Job 23:10. When he hath tried me, I shall come forth as gold.
It is grand to be able to say that while you are in the fire. It is very easy to say it about another man who is in the furnace; but when you are in there yourself, then to say, «I shall come forth as gold,» is the sublimity of faith! It is a very simple matter to say, «If I were again put into the fire, I know I should come forth as gold;» but it is when the burning heat is melting you, when you seem yourself to be shriveled up in the crucible, and so little of you is left, then is the time still to say, «When the Lord hath finished his work upon me, when he hath thoroughly assayed me, I shall come forth as gold.»
Job 23:11. My foot hath held his steps, his way have I kept, and not declined.
You cannot talk like that in the time of trouble if you have not led a sincere, and upright, and gracious life. those battles into which men come in the Valley of Humiliation, are often brought about by their tripping when they are going down the hill. Our sins find us out at length; but if God enables us to walk uprightly, then we feel very confident, not in our own uprightness, but in God's love and grace.
Job 23:12. Neither have I gone back from the commandment of his lips; I have esteemed the words of his mouth more than my necessary food. But he is in one mind, and who can turn him?

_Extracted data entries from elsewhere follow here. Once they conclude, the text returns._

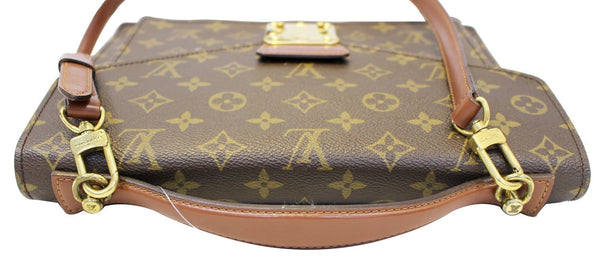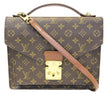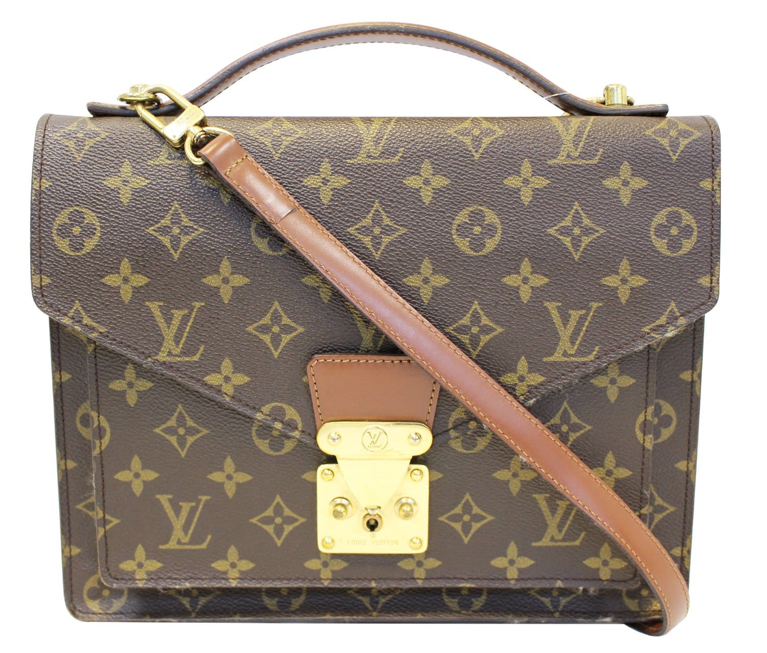 Louis Vuitton Monogram Canvas Monceau Bag features a sleek structured design styled as a small briefcase. It also has an S-lock closure and can be hand-held or carried on the shoulder for hands-free convenience.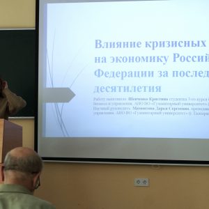 - «За актуальность исследования» — Шевченко Кристина Александровна. Тема работы: «Влияние кризисных ситуаций на экономику Российской Федерации за последние десятилетия». Руководитель — Мамонтова Дарья Сергеевна.
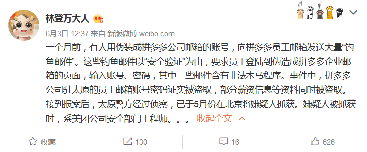 6月2日,中国警察网发布信息称,山西太原警方近期破获一起入侵计算机系统套取商业信息案,抓获犯罪嫌疑人曲某。据悉,该嫌疑人用伪装成拼多多公司邮箱的账号,向该公司员工邮箱发送大量“钓鱼邮件”,致使拼多多公司驻山西太原的员工邮箱账号密码被盗取,数份个人简历及部分薪资信息等资料遭到泄漏。
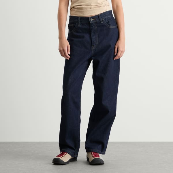 Эти джинсы Carhartt WIP, выполненные в винтажном стиле рабочей одежды, сшиты из стираного хлопкового денима. Свободный прямой крой с низкой талией, фирменная тканая квадратная этикетка сзади завершает образ.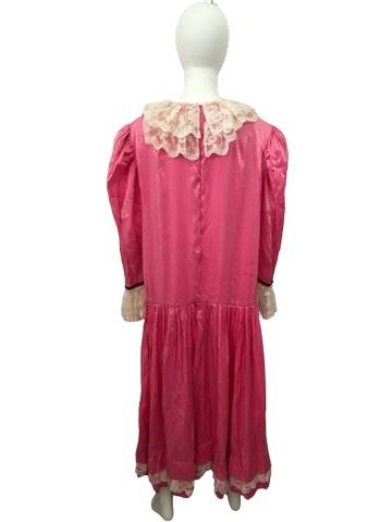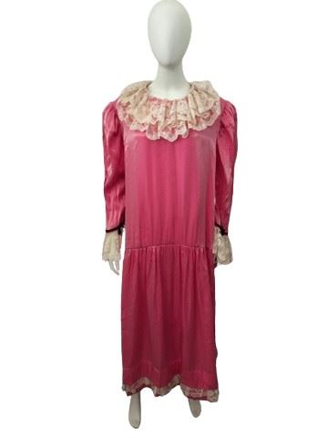 Vintage, antique Victorian Prairie dress. Shiny pink material with lace collar, trim, and cuffs with a lace trim on the bottom. Was made for one of the oldest and largest costume stores in Los Angeles that has been in business for over 75 years. Since it's custom made there is no exact size but measures 51" long and 19" pit to pit.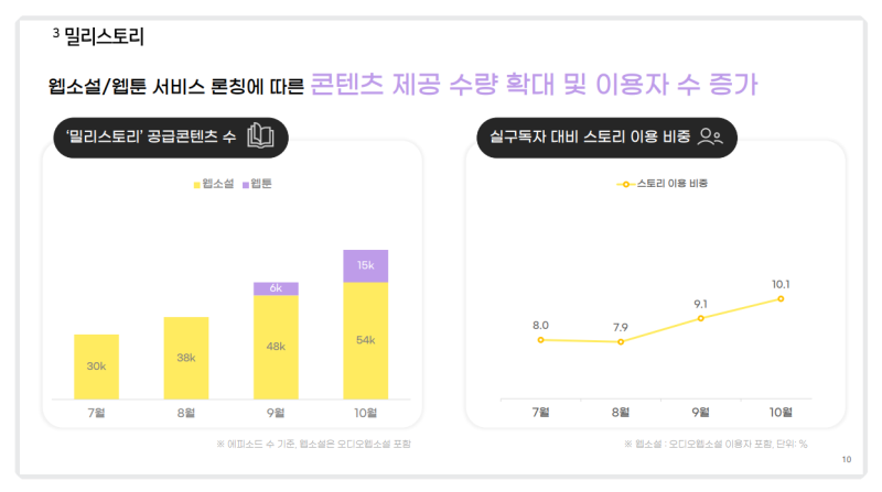 • 웹소설·웹툰 론칭 이후 콘텐츠 제공 수가 증가했으며 10월 말 기준 웹소설은 약 5만 4천 개(에피소드 기준), 업계 기준으로는 약 4천 개 수준의 에피소드 구조를 의미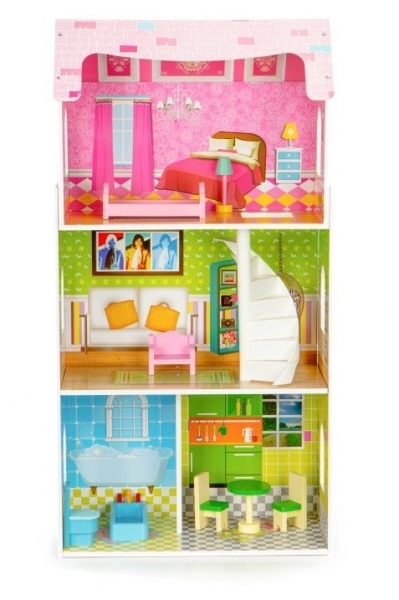 Celý domeček je vyroben z vysoce kvalitního dřeva, které neobsahuje žádné ostré a nebezpečné hrany. Celý dům má 3 nezávislé úrovně s celkem 5 pokoji - vše dokonale napodobuje skutečný obytný dům.

Job looks at his grief, and says concerning it, «It is according to God's mind that I should have this grief, and who can turn him?» there may be times when God wills that his servant should be in trouble; and when God lets down the iron bar, who eau lift it up? When he shutteth up a soul in doubting Castle, how shall it escape until he wins its deliverance?

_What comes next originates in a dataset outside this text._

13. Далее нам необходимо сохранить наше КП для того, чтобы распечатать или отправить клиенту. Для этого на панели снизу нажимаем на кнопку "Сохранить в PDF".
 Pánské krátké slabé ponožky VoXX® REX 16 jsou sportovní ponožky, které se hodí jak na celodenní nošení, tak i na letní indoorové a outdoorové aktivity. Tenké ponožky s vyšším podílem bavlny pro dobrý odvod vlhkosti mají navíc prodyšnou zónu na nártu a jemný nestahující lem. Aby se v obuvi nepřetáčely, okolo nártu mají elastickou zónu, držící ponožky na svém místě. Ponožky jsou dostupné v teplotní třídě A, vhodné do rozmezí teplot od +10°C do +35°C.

Job 23:13. And what his soul desireth, even that he doeth. For he performeth the thing that is appointed for me: and many such things are with him. Therefore am f troubled at his presence: when I consider, I am afraid of him.
Yet he longed for him. So, sometimes, we long for the presence of God, yet that presence strikes us with a solemn awe whenever We are favored with it. We ask to see our Lord, yet when we do see him, we have to say, with John, «When I saw him, I fell at his feet as dead.» Or perhaps we are like Peter who, when the Lord Jesus was in his boat, fell down before him, and cried, «depart from me; for I am a sinful man, O Lord.» the majesty of Christ's pure presence was too much for poor imperfect Peter; so is it for us.

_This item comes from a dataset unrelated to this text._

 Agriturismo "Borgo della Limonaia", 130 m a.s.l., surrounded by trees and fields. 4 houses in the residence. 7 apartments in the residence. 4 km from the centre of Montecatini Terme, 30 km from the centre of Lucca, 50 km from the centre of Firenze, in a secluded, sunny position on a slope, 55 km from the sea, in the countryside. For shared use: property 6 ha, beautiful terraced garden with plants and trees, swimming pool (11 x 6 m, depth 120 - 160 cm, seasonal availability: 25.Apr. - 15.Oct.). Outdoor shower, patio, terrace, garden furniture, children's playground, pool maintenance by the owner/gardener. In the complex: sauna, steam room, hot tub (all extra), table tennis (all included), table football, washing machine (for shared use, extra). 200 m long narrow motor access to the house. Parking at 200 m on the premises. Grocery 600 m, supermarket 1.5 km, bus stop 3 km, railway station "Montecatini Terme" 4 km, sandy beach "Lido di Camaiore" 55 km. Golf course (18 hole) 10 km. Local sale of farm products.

Job 23:16. for God maketh my heart soft, and the Almighty troubleth me: Because I was not cut off before the darkness, neither hath he covered the darkness from my face.
Now you see where you might be if you had Job's experience. If you are not there, be very grateful; and if you are there, say, there is a better man than I am who has been this way before me. I can see his footprints on the sands of time, and I am encouraged by his example to trust my Lord in the darkest hour.» You are not the only man who has been in the coal- cellar; there have been better men than you in the dark places of the earth before now; therefore, still have hope, and be confident in God that in his own good time he will deliver you.